=== EXERCISE DATA ===

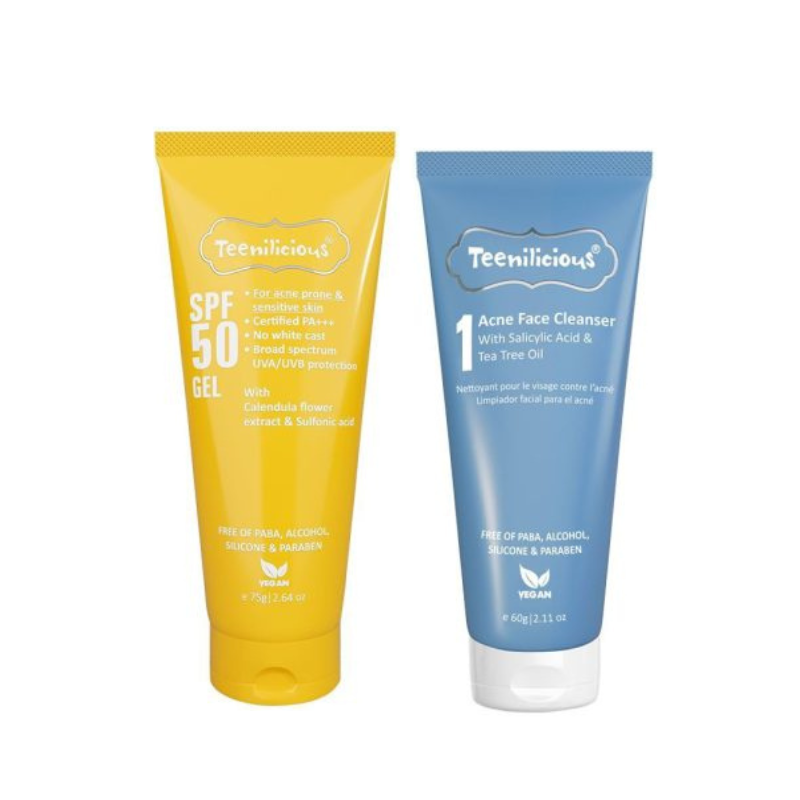 REC- PK - Teenilicious - 01 Gel chống nắng Teenilicious 75g SPF 50/ Teenilicious SPF 50 Gel 75g + 01 Sữa rửa mặt trị mụn Teenilicious 60g / Teenicilious face acne cleanser 60g tặng 05 sữa dưỡng thể lấp lánh Teenilicious Body Lotion Gold 15ml
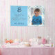 Pancarta de cumpleaños feliz con foto de Blue Abstract Wave Boy. El diseño tiene olas azules y blancas, fondo azul, texto divertido feliz cumpleaños y nombre. Agrega tu foto y tu nombre. Genial para la fiesta de cumpleaños de un niño.
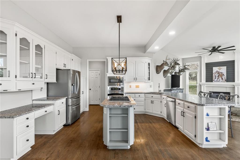 Welcome home to the Fairways, where comfort, space, and convenience all come together. The open kitchen features granite countertops, stainless steel appliances, pantry pull-outs, and updated lighting—perfect for everyday living or entertaining. Cozy up by one of the fireplaces in the hearth room or spacious great room with newer carpet. The oversized primary suite is a true retreat with its own fireplace, huge walk-in closet, soaking tub, and new walk-in shower. Secondary bedrooms are generously sized with walk-in closets and updated baths. Fresh interior paint and recent updates throughout make this home move-in ready. An unfinished basement offers 1,000+ sq ft of future living space and is already stubbed for a bath—ideal for a gym, media room, or extra bedrooms. Enjoy outdoor time on the updated deck with aluminum railing. Located near Hodge Park and Shoal Creek Golf Courses, highways, shopping, and dining. Schedule your showing before it’s gone!
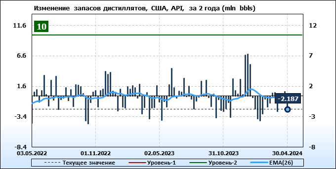 Запасы дистиллятов в США по данным института API упали на 2.187 млн. баррелей.
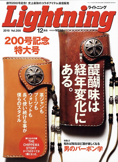 ライトニング2010年12月号で、記念すべき200号に。 多くのブランドと200号記念コラボアイテムを製作。それに合わせてLightningオリジナル織りネーム製作し、通常はレッドのところ、わずかの割合でゴールドの織りネームが混ざるという、レア感をあおるよう仕掛けたが、それに関する反響はほとんどなかった。
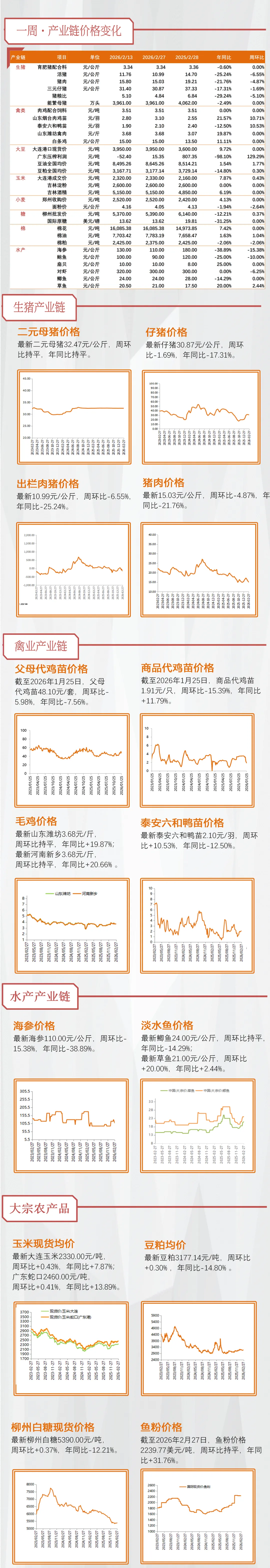 1)本周肉牛产业链各环节价格基本平稳。截至2月27日,育肥公牛出栏价格25.74元/kg,环比持平,同比+8.75%;犊牛价格33.81元/kg,环比持平,同比+37.61%;淘牛价格20.58元/kg,环比+1.38%,同比+25.11%(数据来源:钢联)。奶价仍处低位调整阶段,截至2月12日,生鲜乳价格3.04元/kg,环比持平、同比-2.25%(数据来源:wind)。2)奶磨底,肉起势。肉牛方面,国内长亏损周期叠加深度亏损,驱动能繁母牛深度去化。进口配额制落地、关税政策以及全球牛肉供给趋紧,共同抑制国内牛肉进口数量。进口端供给收缩与国产端供给偏紧形成共振,后续涨幅与上行持续性有望超市场预期。奶牛方面,去化趋势仍在,奶价周期拐点值得期待。截至2026年1月奶牛存栏量已累计去化9.1%,叠加当前奶价持续低位运行且已跌破上一轮周期底部,行业供需失衡与价格压力凸显,产能去化预计将持续推进,奶价弹性有望更加乐观。
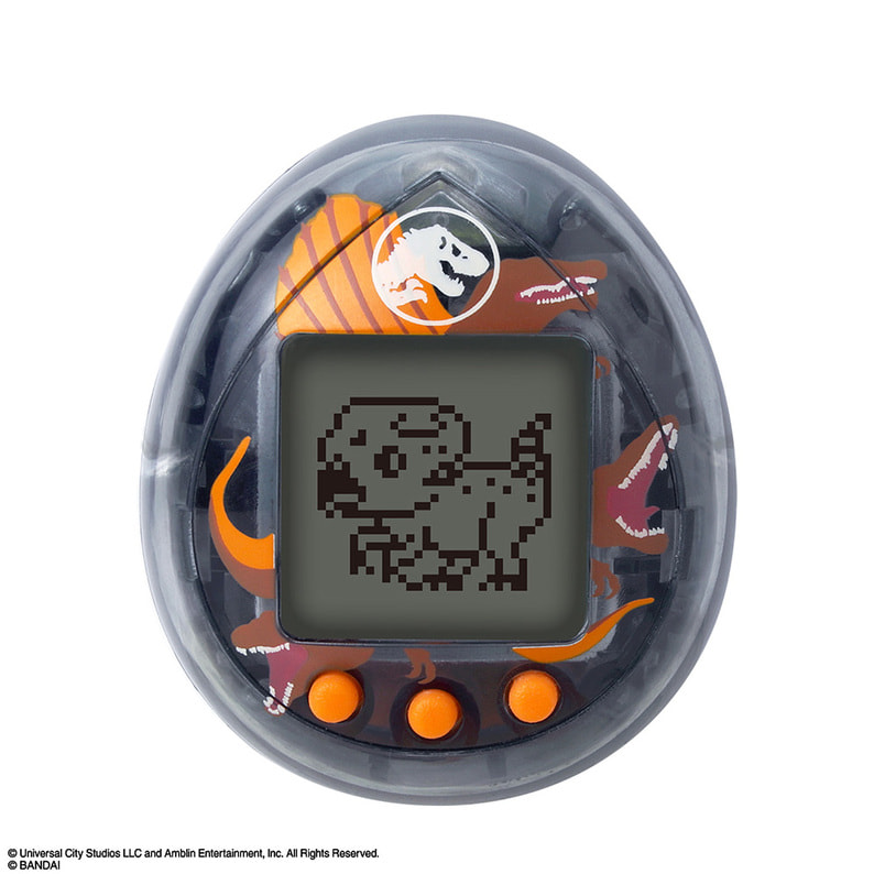 「ジュラシック・ワールド/復活の大地 たまごっち Spinosaurus ver.」は、スピノサウルス3体が覗いているクールなクリアブラックのデザインに!
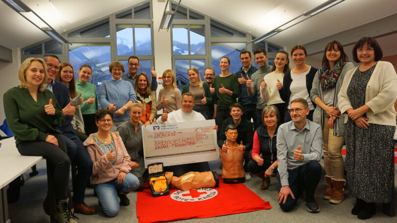 meine Volksbank Raiffeisenbank eG unterstützt mit 1.000 Euro   –   „Ein Unglücksfall kann uns in jedem Moment herausfordern, Erste Hilfe leisten zu müssen.  Darauf müssen wir auch als Laien immer gut vorbereitet sein“, mit diesen eindringlichen  Worten begrüßte Referent Thorsten Münch vom Bayerischen Roten Kreuz Traunstein die  Mitarbeiterinnen und Mitarbeiter der meine Volksbank Raiffeisenbank eG in Grassau zum  „Lebensretter 112“-Auffrischungskurs.
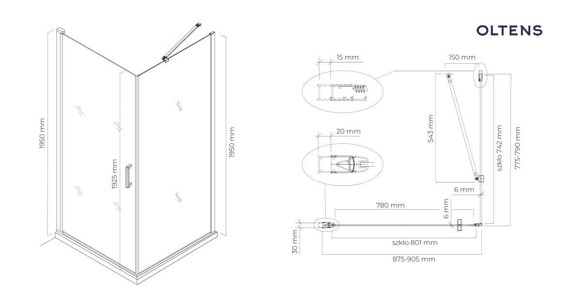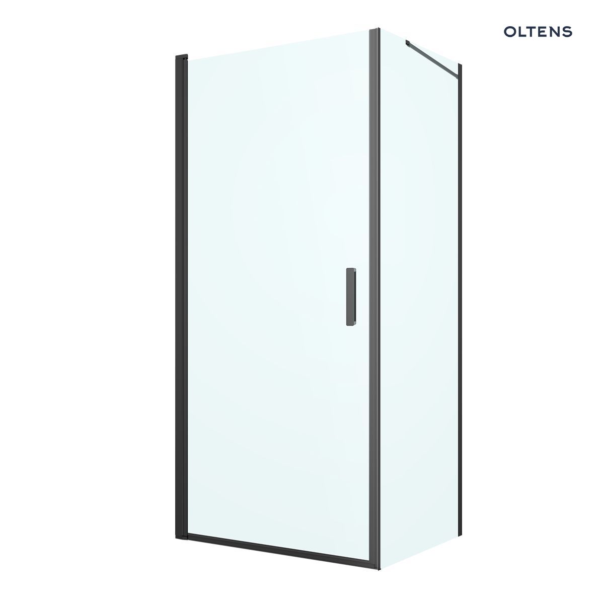 Oltens Rinnan kabina prysznicowa 90×80 cm prostokątna drzwi ze ścianką czarny mat/szkło przezroczyste 20216300

===

▶ [EXERCISE]: The pictures stay out of the copy. Set down the entries above precisely.

▶ [EXERCISE RESULT]:
 REC- PK - Teenilicious - 01 Gel chống nắng Teenilicious 75g SPF 50/ Teenilicious SPF 50 Gel 75g + 01 Sữa rửa mặt trị mụn Teenilicious 60g / Teenicilious face acne cleanser 60g tặng 05 sữa dưỡng thể lấp lánh Teenilicious Body Lotion Gold 15ml
 Pancarta de cumpleaños feliz con foto de Blue Abstract Wave Boy. El diseño tiene olas azules y blancas, fondo azul, texto divertido feliz cumpleaños y nombre. Agrega tu foto y tu nombre. Genial para la fiesta de cumpleaños de un niño.
 Welcome home to the Fairways, where comfort, space, and convenience all come together. The open kitchen features granite countertops, stainless steel appliances, pantry pull-outs, and updated lighting—perfect for everyday living or entertaining. Cozy up by one of the fireplaces in the hearth room or spacious great room with newer carpet. The oversized primary suite is a true retreat with its own fireplace, huge walk-in closet, soaking tub, and new walk-in shower. Secondary bedrooms are generously sized with walk-in closets and updated baths. Fresh interior paint and recent updates throughout make this home move-in ready. An unfinished basement offers 1,000+ sq ft of future living space and is already stubbed for a bath—ideal for a gym, media room, or extra bedrooms. Enjoy outdoor time on the updated deck with aluminum railing. Located near Hodge Park and Shoal Creek Golf Courses, highways, shopping, and dining. Schedule your showing before it’s gone!
 Запасы дистиллятов в США по данным института API упали на 2.187 млн. баррелей.
 ライトニング2010年12月号で、記念すべき200号に。 多くのブランドと200号記念コラボアイテムを製作。それに合わせてLightningオリジナル織りネーム製作し、通常はレッドのところ、わずかの割合でゴールドの織りネームが混ざるという、レア感をあおるよう仕掛けたが、それに関する反響はほとんどなかった。
 1)本周肉牛产业链各环节价格基本平稳。截至2月27日,育肥公牛出栏价格25.74元/kg,环比持平,同比+8.75%;犊牛价格33.81元/kg,环比持平,同比+37.61%;淘牛价格20.58元/kg,环比+1.38%,同比+25.11%(数据来源:钢联)。奶价仍处低位调整阶段,截至2月12日,生鲜乳价格3.04元/kg,环比持平、同比-2.25%(数据来源:wind)。2)奶磨底,肉起势。肉牛方面,国内长亏损周期叠加深度亏损,驱动能繁母牛深度去化。进口配额制落地、关税政策以及全球牛肉供给趋紧,共同抑制国内牛肉进口数量。进口端供给收缩与国产端供给偏紧形成共振,后续涨幅与上行持续性有望超市场预期。奶牛方面,去化趋势仍在,奶价周期拐点值得期待。截至2026年1月奶牛存栏量已累计去化9.1%,叠加当前奶价持续低位运行且已跌破上一轮周期底部,行业供需失衡与价格压力凸显,产能去化预计将持续推进,奶价弹性有望更加乐观。
 「ジュラシック・ワールド/復活の大地 たまごっち Spinosaurus ver.」は、スピノサウルス3体が覗いているクールなクリアブラックのデザインに!
 meine Volksbank Raiffeisenbank eG unterstützt mit 1.000 Euro   –   „Ein Unglücksfall kann uns in jedem Moment herausfordern, Erste Hilfe leisten zu müssen.  Darauf müssen wir auch als Laien immer gut vorbereitet sein“, mit diesen eindringlichen  Worten begrüßte Referent Thorsten Münch vom Bayerischen Roten Kreuz Traunstein die  Mitarbeiterinnen und Mitarbeiter der meine Volksbank Raiffeisenbank eG in Grassau zum  „Lebensretter 112“-Auffrischungskurs.
 Oltens Rinnan kabina prysznicowa 90×80 cm prostokątna drzwi ze ścianką czarny mat/szkło przezroczyste 20216300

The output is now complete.